Your task
Transcribe exactly the stretch of lines beginning at the one containing "Easy CV Guide: Craft Yours In MS Word 2013" and closing with the last line of the entries below. Omit images.

Supplied material
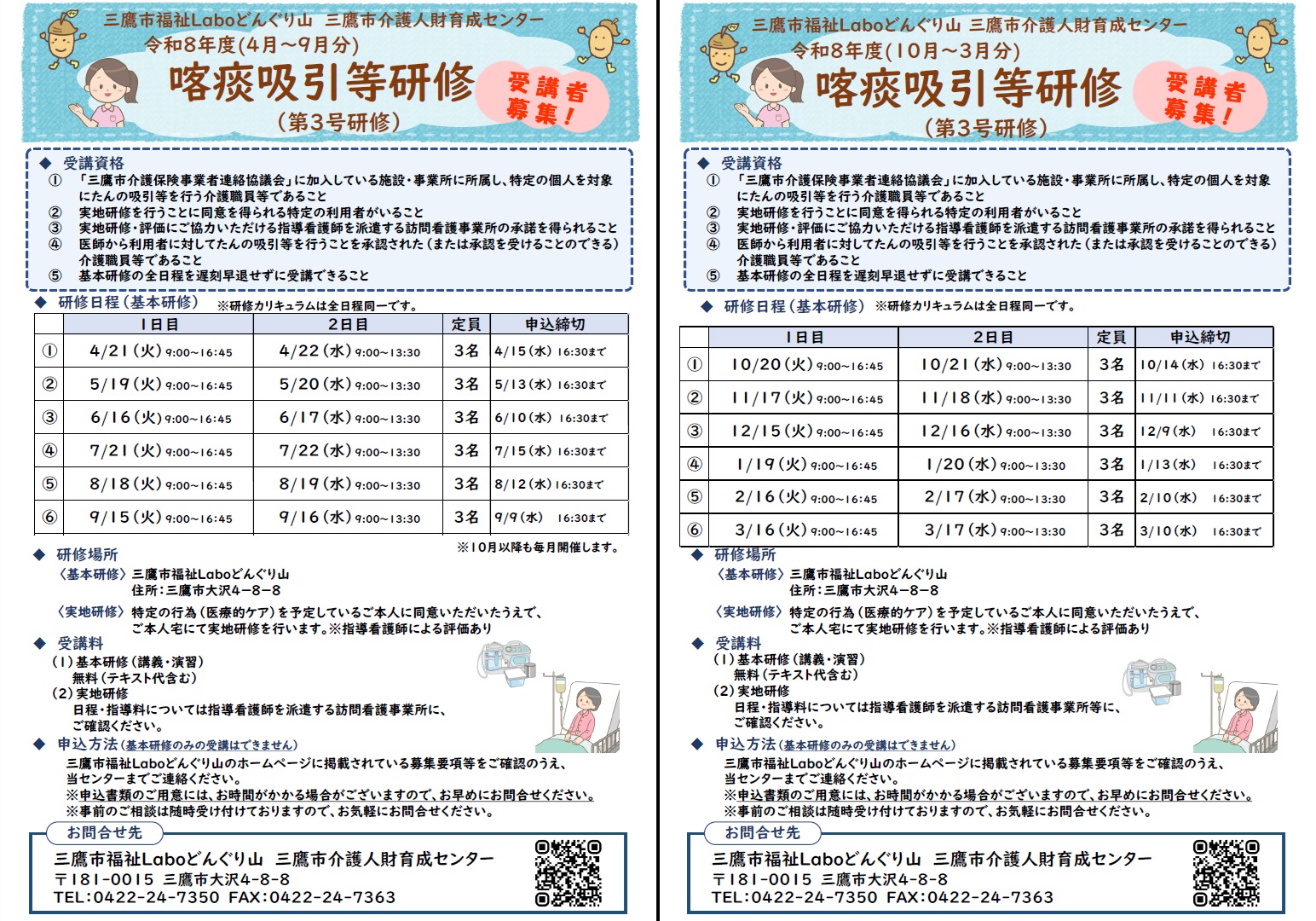 3. 介護人財育成センター喀痰吸引等研修(第3号研修)令和8年度受講生募集
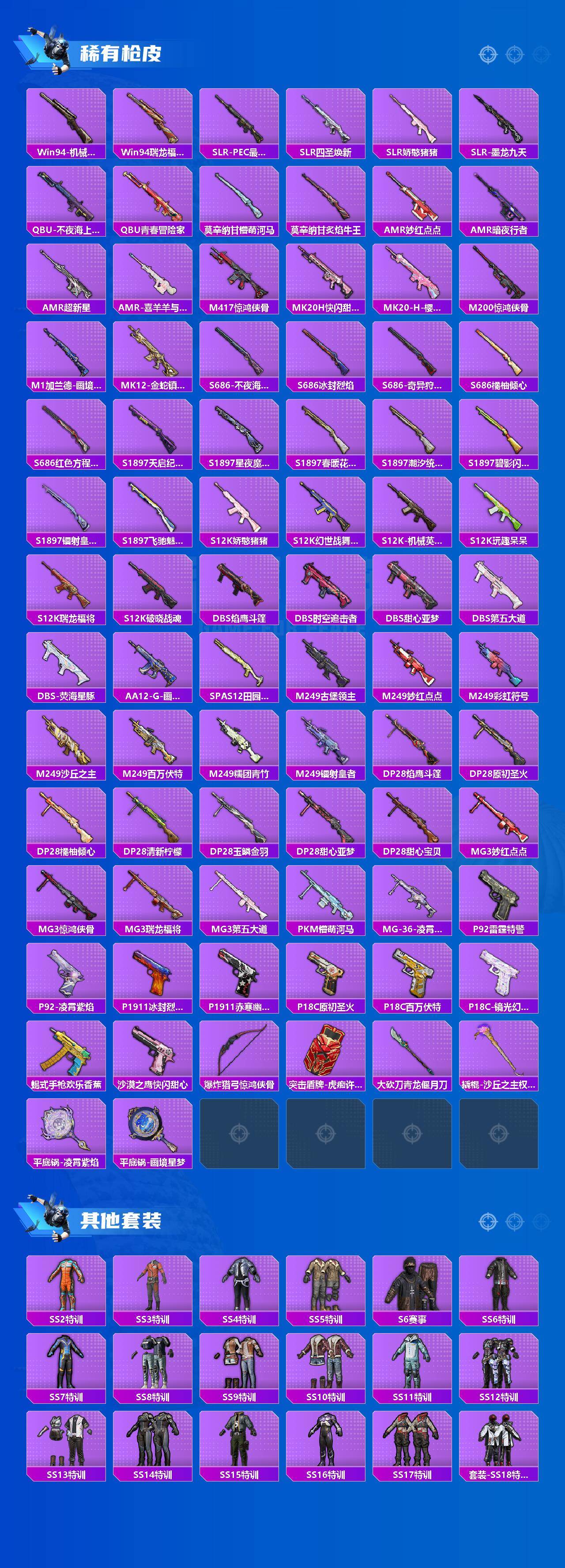 AKM-奇异狩猎者,AKM-百万伏特,AKM-缤纷海域,GROZA-林间仙鹿,AUG-PEC最牛战神,M762-奇异狩猎者,M762-瑞龙福将,Mk47-林间仙鹿,汤姆逊-林间仙鹿,Kar98K-古堡领主,Kar98K-深海曼妙,M24-香水柠檬,M24-奇异狩猎者,AWM-激战未来,S686-奇异狩猎者,M249-古堡领主
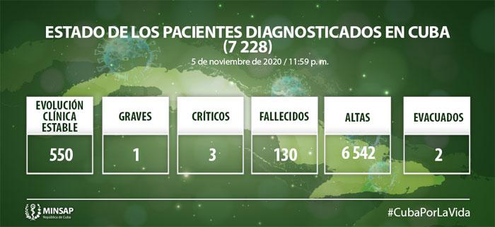 - Ciudadana cubana de 72 años de edad, residente en el municipio Pinar del Río, provincia del mismo nombre. Contacto de caso confirmado anteriormente. Se mantienen en vigilancia 20 contactos.
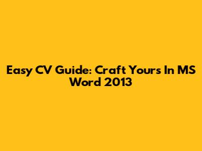 Easy CV Guide: Craft Yours In MS Word 2013
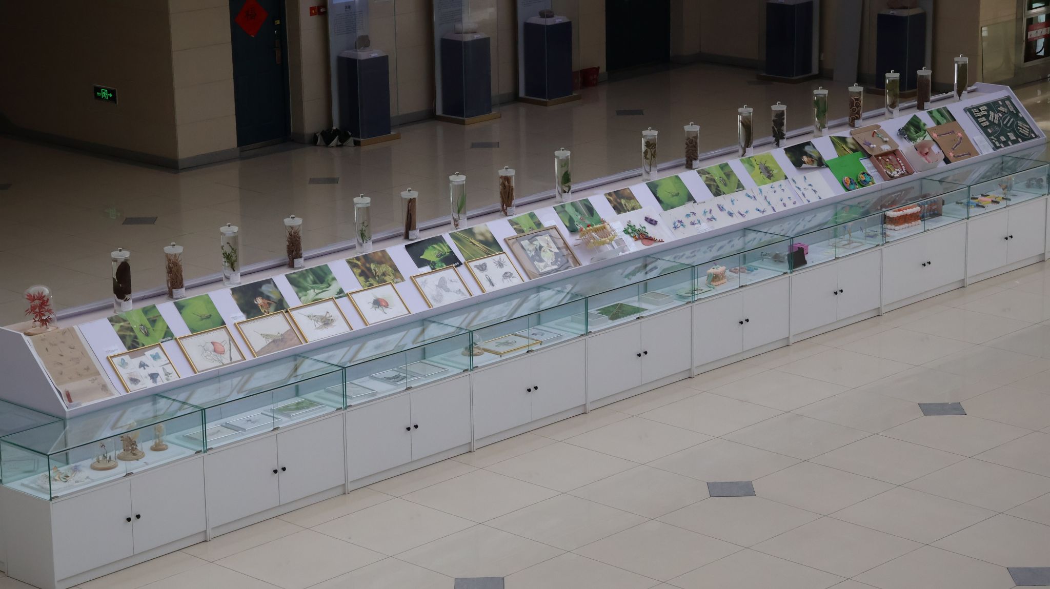 和张怡轩一样,师大人对大自然的爱,体现在日常的点点滴滴。来到生科院所在的格物楼,大厅一层中央摆放着学生实习实践的各类成果。在这里,不只有采自各地的动植物标本,还有学生用奇思妙想制作的DIY教学教具、“昆虫世界与人类社会”通识课上的摄影绘画作品,以及在基础教育学校从教的邓凯校友手写整理的高中生物知识点“清明上河图”等等。“博物”的含义,在这里拥有了更为鲜活的释义。

Solution to the exercise
 Easy CV Guide: Craft Yours In MS Word 2013
 和张怡轩一样,师大人对大自然的爱,体现在日常的点点滴滴。来到生科院所在的格物楼,大厅一层中央摆放着学生实习实践的各类成果。在这里,不只有采自各地的动植物标本,还有学生用奇思妙想制作的DIY教学教具、“昆虫世界与人类社会”通识课上的摄影绘画作品,以及在基础教育学校从教的邓凯校友手写整理的高中生物知识点“清明上河图”等等。“博物”的含义,在这里拥有了更为鲜活的释义。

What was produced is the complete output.